For a product as conceptually simple as Got a Team, it wouldn’t be too far-fetched to assume there are others already doing something similar – like TeamStuff, TeamSite.io, Teamer, ArrangeMyGame, and SportsNoticeboard. However, Mansfield is cognisant of the fact that there are competitors in the market, but he feels nobody is really “owning the space at the moment”. During their initial market research, they weren’t able to find anything that matched their vision for Got a Team.
“The other products have gone down the path of building features instead of creating something simple and effective and that’s how we plan to differentiate: keep out product simple and broad in it’s appeal and delightful and cool to use. We’re looking to really engage with passionate users,” says Mansfield. “[But] users who are passionate about sport, not apps … we’re looking to engage their passion to play sport together.”
A good question is how exactly with Got a Team make money? Mansfield says it’s too early to tell exactly how they will monetise the application. They’re focusing first and foremost on generating traction, and are quietly confident that the product will be embraced and appreciated.
Although it’s only been a month since Got A Team launched, the startup has already found teams all over the world signing up to use the platform. Mansfield says they’ve got “a few hundreds customers” using the product at the moment from 40 locations around the world, but predominantly Australia, which they found to be “encouraging” given very little marketing effort on their behalf.
“It’s still early days and the feedback we are getting from these users is helping us shape the next iteration we deploy and we’ll be scaling up the marketing once we’ve got more confidence in the market fit,” Mansfield adds.

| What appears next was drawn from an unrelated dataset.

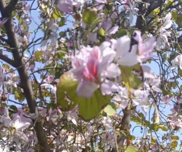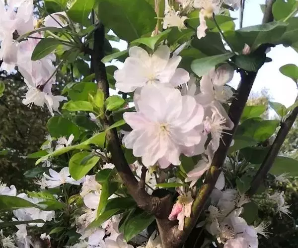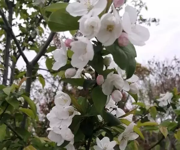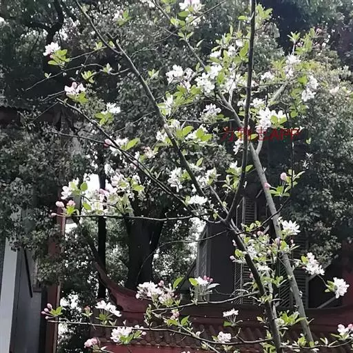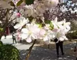 海棠花(学名:Malus spectabilis (Ait.)Borkh):乔木,高可达8米;小枝粗壮,圆柱形,幼时具短柔毛,逐渐脱落,老时红褐色或紫褐色,无毛。叶片椭圆形至长椭圆形,长5-8厘米,宽2-3厘米,边缘有紧贴细锯齿,有时部分近于全缘,幼嫩时上下两面具稀疏短柔毛,以后脱落,老叶无毛。花序近伞形,有花4-6朵,花直径4-5厘米;萼筒外面无毛或有白色绒毛;萼片三角卵形,先端急尖,全缘;花瓣卵形,长2-2.5厘米,宽1.5-2厘米,基部有短爪,白色,在芽中呈粉红色。果实近球形,直径2厘米,黄色。果期8-9月。

One of the biggest challenges for the startup to date has been feeling comfortable with releasing an MVP, and postponing the introduction of more advanced features and functionality.
“It’s a very common problem faced by anyone delivering software. You can do anything, but what should you do?” says Mansfield.

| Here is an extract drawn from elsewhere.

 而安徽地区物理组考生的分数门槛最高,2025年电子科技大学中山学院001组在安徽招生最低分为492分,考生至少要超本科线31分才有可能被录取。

“We still have passionate discussions around what’s next, who would want it and what’s the best way to deliver it but that’s part of what we enjoy about having our own startup and building software.”

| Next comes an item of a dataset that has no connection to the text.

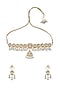 Featuring a gold finish necklace studded with kundan polki and sea green beads, set in copper. It is paired with a matching pair of earrings.

Now that Got a Team is out in the public, the co-founders can enter the next stage of development and allow user feedback to help the process.
“That’s not to say we’ll do what they ask, it’s to say we’ll listen to their views and opinions and use these as inputs,” Mansfield clarifies.
“Based on early customer feedback we’re about to integrate SMS into the product. This means as well as email notifications, players will be able to receive game notifications via SMS and even reply via SMS to let the team know of they can make it or not. This will be without the need for them to sign up to Got a Team and will make Got a Team much more accessible to everyone.”
The real challenge for the startup lies ahead. Mansfield says they still need to make sure that there is a big enough market for Got a Team.
“We have enough anecdotal feedback to give us confidence but whether we can can get the traction we need to make a profitable business is the ultimate challenge,” he says.
A major turning point for the startup, Mansfield predicts, will be the launch of Got a Team’s iOS app.
“Having a responsive web app is great but an app is where we’ve always being heading. It just makes things so much easier to open an app than it is to open a website on your mobile,” says Mansfield.